Quand ils arrivèrent, avenue de Villiers, devant la porte du peintre :

— Entrez-vous ? demanda Bertin.

— Non, merci. Il est tard, je vais me coucher.

— Voyons, montez une demi-heure, nous allons encore bavarder.

— Non. Vrai. Il est trop tard.

La pensée de rester seul, après les secousses qu’il venait encore de supporter, emplit d’horreur l’âme d’Olivier. Il tenait quelqu’un, il le garderait.

— Montez donc, je vais vous faire choisir une étude que je veux vous offrir depuis longtemps.

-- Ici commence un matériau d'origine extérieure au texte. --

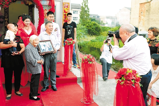 2014年国庆,徐永辉为叶兴法一家拍摄“四代同堂”的全家福。 张良 摄
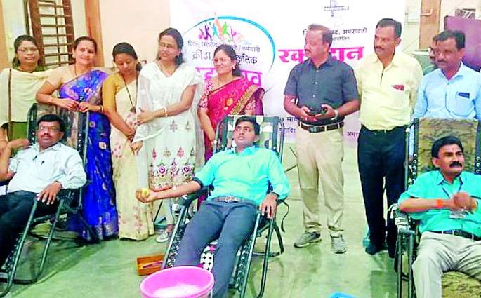 लोकमत न्यूज नेटवर्कअमरावती : अधिकारी, कर्मचाऱ्यांच्या जिल्हास्तरीय क्रीडा महोत्सवात शनिवारी ६१ रक्तदात्यांनी रक्तदान करून सामाजिक बांधीलकी जोपासली.अधिकारी, कर्मचारी क्रीडा महोत्सवानिमित्त रक्तदान शिबिर व आरोग्य तपासणी शिबिर पार पडले. या शिबिरात मुख्य कार्यपालन अधिकारी अमोल येडगे यांनी प्रथम नोंदणी करून सर्व कर्मचारी, अधिकाऱ्यांनी रक्तदान करण्याचे आवाहन करण्यात आले होते. त्यांच्या आवाहनाला प्रतिसाद देत ६१ रक्तदात्यांनी रक्तदान केले. यासाठी सामान्य रुगण्यालय व जिल्हा स्त्री रुग्णालयाच्या सहकार्य लाभले. यावेळी जिल्हा सामान्य रुग्णालयाचे डॉ. आशिष वाघमारे, डॉ. श्रीकांत झाकर्डे, संजय चौधरी, इर्विनच्या साधना शिरसाट, प्रीती तिखे, नितीन बोरकर, राहुल मेश्राम आदींनी सहभाग घेतला होता. रक्तदान शिबिरात ६१ कर्मचारी, अधिकारी यांनी रक्तदान केले. यात १४ महिलाचा सहभाग होता. गरजू रुग्णांना याची मदत होणार आहे. सामाजिक बांधीलकी म्हणून हा उपक्रम दरवर्षी क्रीडा महोत्सवात आयोजित केला जातो. ही कल्पना सीईओ अमोल येडगे यांनी मांडली होती. ती प्रत्यक्ष आणली. यावेळी त्यांनीसुद्धा रक्तदान केले. रक्तदाते मनीष काळे, दत्तप्रसाद भेले, संदीप आकोलकर, संजय राठी, उज्ज्वल पंचवटे, विजया धंदर, नावेद इकबाल, किशोर गुजर, सरिता काठोळे, संतोष मनवरे, डेहनकर, संतोष घुगे, श्रीकांत खाजोने, नावेद इकबाल, विकास रेखाते, मंगेश ठाकरे, प्रविण ढोके, गजानन सानप, प्रकाश देशमुख, अमोल शेंबे आदींचा सहभाग होता.
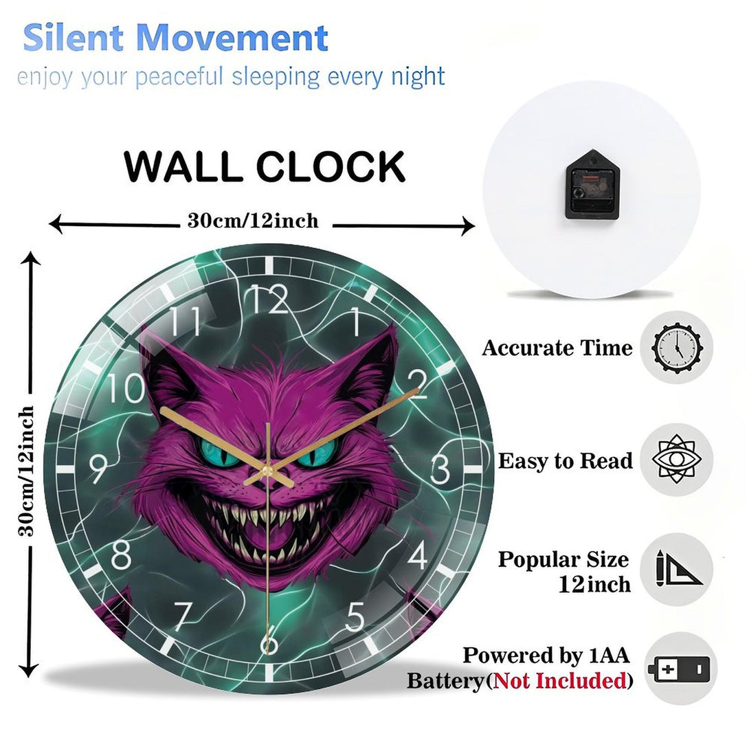 Evil Cheshire Cat Glass Wall Clock, Cat Decor And Gift Wall Clock for Homes, Bars, Offices, Man Caves, Garages, And Living Rooms .Also Makes A Great Gift.,12×12inch(30×30cm)
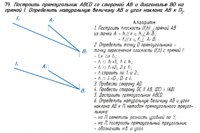 Главная » Учебные материалы » Начертательная геометрия » Решения задач » ИГЭУ им. Ленина » Несколько классов/семестров » Номер 79 » Построить прямоугольник ABCD со стороной АВ и диагональю BD на прямой l. Определить натуральную величину АВ и угол наклона АВ к П2.
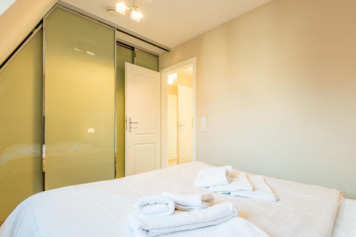 Im ersten Schlafzimmer erwartet Sie ein Doppelbett (160x200 cm) und ein Einbauschrank mit viel Stauraum. Das zweite Schlafzimmer ist ebenfalls mit einem Doppelbett (2x 90x200 cm), einem Sessel, einem Einbauschrank und einem zusätzlichen TV ausgestattet.
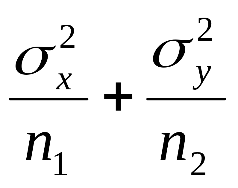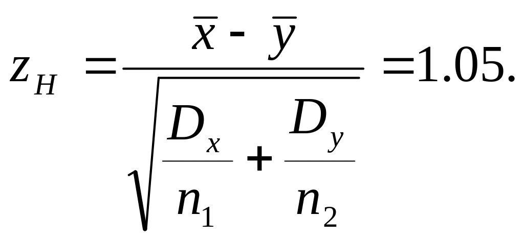 Пример. По двум извлеченным выборкам, извлеченным из двух нормальных генеральных совокупностей, объемы которых соответственно равны n1 = 60 и n2 = 50 определены выборочные средние =1250 и =1275. Генеральные дисперсии известны: Dx = 120, Dy = 100.
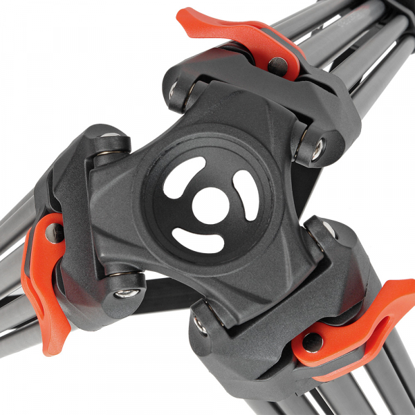 Ножки штатива вилочного типа. Секции ног надежно фиксируются клипсовыми замками. При ослаблении клипсового фиксатора — возможна регулировка зажима винтом с обратной стороны клипсы. Шестигранные ключи для регулировки в комплекте. На концах штативных ног размещены парные шипы, на которые надеваются резиновые "башмаки". Таким образом, можно выбрать необходимый тип опоры для различных условий съемки. Шипы используются вне помещений, например для устойчивости на грунте или на льду, а резиновые опоры обеспечивают отличное сцепление на скользких и гладких поверхностях для защиты поверхности пола от царапин и повреждений. Для усиления штатива используется средняя металлическая растяжка, которая не позволяет ногам «разъезжаться». В сложенном виде ножки штатива фиксируются между собой пластиковыми фиксаторами, которые не позволяют штативу разложиться. Минимальная рабочая высота штатива составляет 79 см.
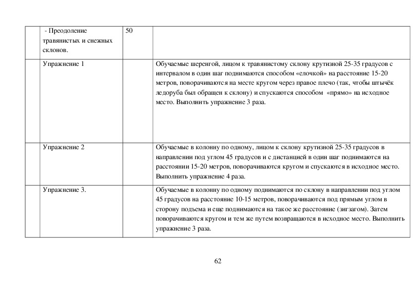 перевалах; устраивать в горах окопы и заграждения и преодолевать различные
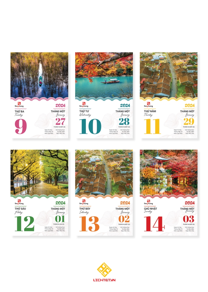 • Bộ lịch bao gồm: túi/hộp đựng, khánh lịch, bloc lịch
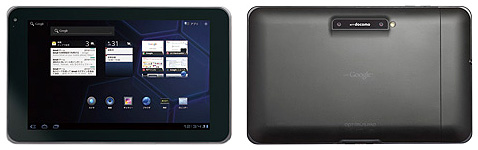 マルチタッチ対応のタッチパネル式8.9型画面をもつタブレット型端末。OSにAndroid 3.0を搭載したほか、1GHzのデュアルコアプロセッサを装備し、インターネット閲覧などが快適に楽しめる。ステレオスピーカー付きで迫力のある臨場感溢れる映像が楽しめるほか、別売のHDMIケーブルを使って、映像をテレビに出力することができる。
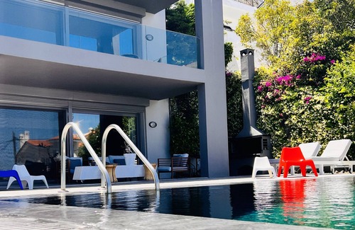 This modern stylish house has a unique view to the Aegean Sea! It's a luxury 6-10 person accommodation villa with a pool. Located 15 minutes from the airport, 5 min from the port and just a short drive to the best Greek beaches..!
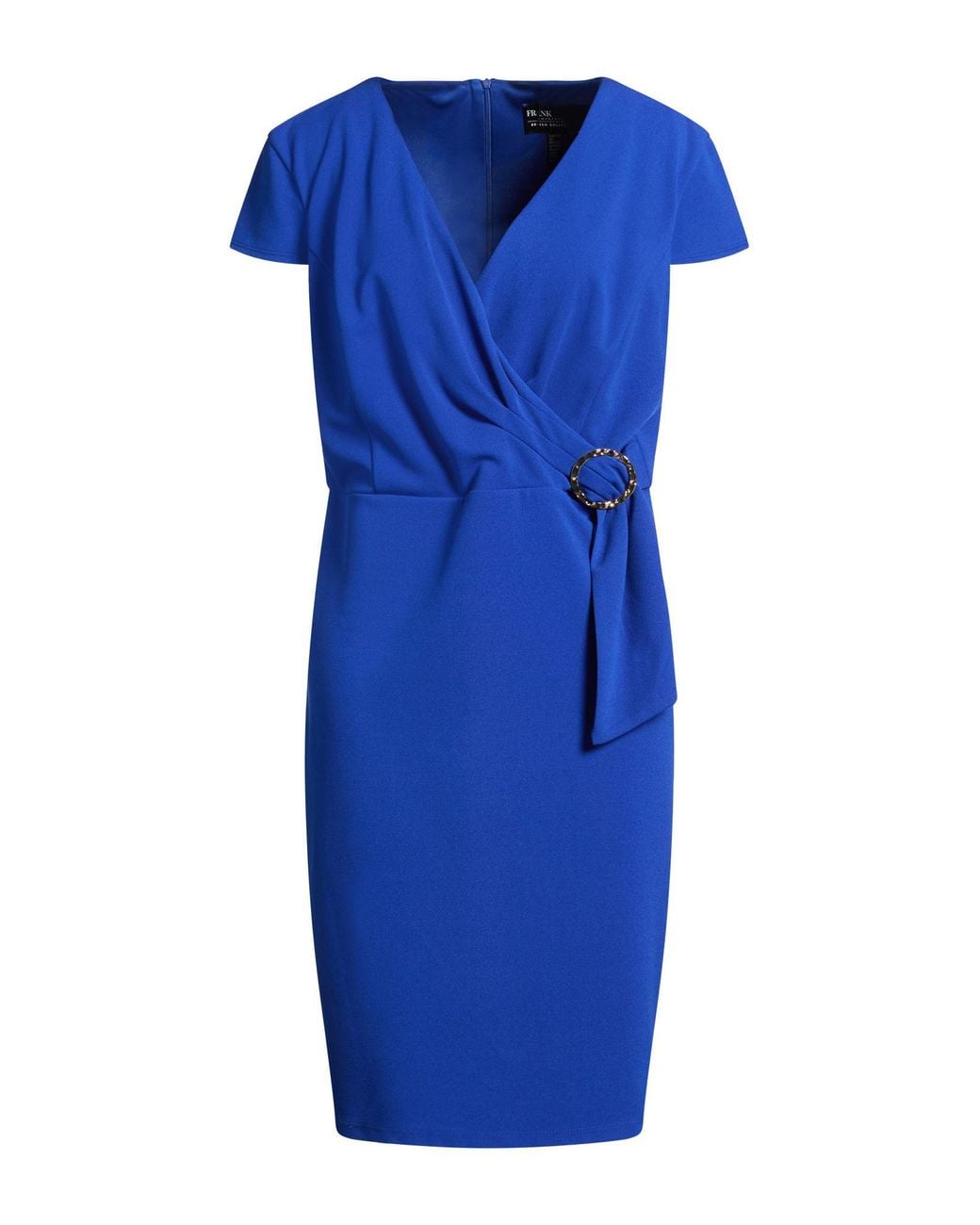 FRANK LYMAN. vestido ajustado, punto jersey, tejido elástico, liso con aplicaciones, hebilla, efecto cruzado, escote en v, manga corta, interior parcialmente forrado, cierre con cremallera, abertura en la parte posterior , lavar a mano, no lavar con lejía , no secar en secadora, un dress-code elegante, perfecto para damas de honor, invitadas de boda o cualquier ocasión especial. 95% Poliéster, 5% Elastán. Color: azul

L’autre sachant que les peintres n’ont pas toujours l’humeur donnante, et que la mémoire des promesses est courte, se jeta sur l’occasion. En sa qualité d’inspecteur des Beaux-Arts, il possédait une galerie collectionnée avec adresse.

— Je vous suis, dit-il.

Ils entrèrent.

Le valet de chambre réveillé apporta des grogs ; et la conversation se traîna sur la peinture pendant quelque temps. Bertin montrait des études en priant Musadieu de prendre celle qui lui plairait le mieux ; et Musadieu hésitait, troublé par la lumière du gaz qui le trompait sur les tonalités. À la fin il choisit un groupe de petites filles dansant à la corde sur un trottoir ; et presque tout de suite il voulut s’en aller en emportant son cadeau.

— Je le ferai déposer chez vous, disait le peintre.

— Non, j’aime mieux l’avoir ce soir même pour l’admirer avant de me mettre au lit.